[Paper Review] Dissection of a Bug Dataset - Anatomy of 395 Patches from Defects4J
Short Introduction to This Paper
This paper deeply studied 395 patches of the Defects4J dataset. Quantitative properties (patch size and spreading) were automatically extracted, whereas qualitative ones (repair actions and patterns) were manually extracted using a thematic analysisbased approach. It found that:
1) the median size of Defects4J patches is four lines, and almost 30% of the patches contain only addition of lines;
2) 92% of the patches change only one file, and 38% has no spreading at all;
3) the top-3 most applied repair actions are addition of method calls, conditionals, and assignments, occurring in 77% of the patches;
4) nine repair patterns were found for 95% of the patches, where the most prevalent, appearing in 43% of the patches, is on conditional blocks.

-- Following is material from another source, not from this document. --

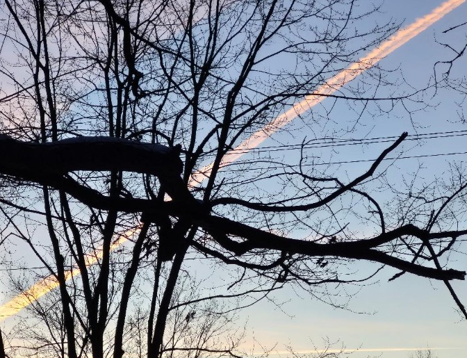 Last week, at sunrise there was an ominous orange streak, from horizon to horizon, that bore all the characteristics of a chemtrail. Such a brazen application

These results are useful for researchers to perform advanced analysis on their techniques’ results based on Defects4J. Moreover, this set of properties can be used to characterize and compare different bug datasets
Highlights of This Paper
- The anatomy of the patches in Defects4J containing an extensive set of patch properties, consolidated into a JSON file and augmented with a web user-interface to facilitate exploration
- A bug dataset dissection methodology to extract valuable quantitative and qualitative properties regarding patches from bug datasets. The methodology is based on diff and advanced patch analysis and combines automated and manual thematic analysis
- A taxonomy of repair actions and patterns, resulted from manual analysis of patches according our methodology
Key Infomation
Research questions:
- What is the size distribution of Defects4J patches?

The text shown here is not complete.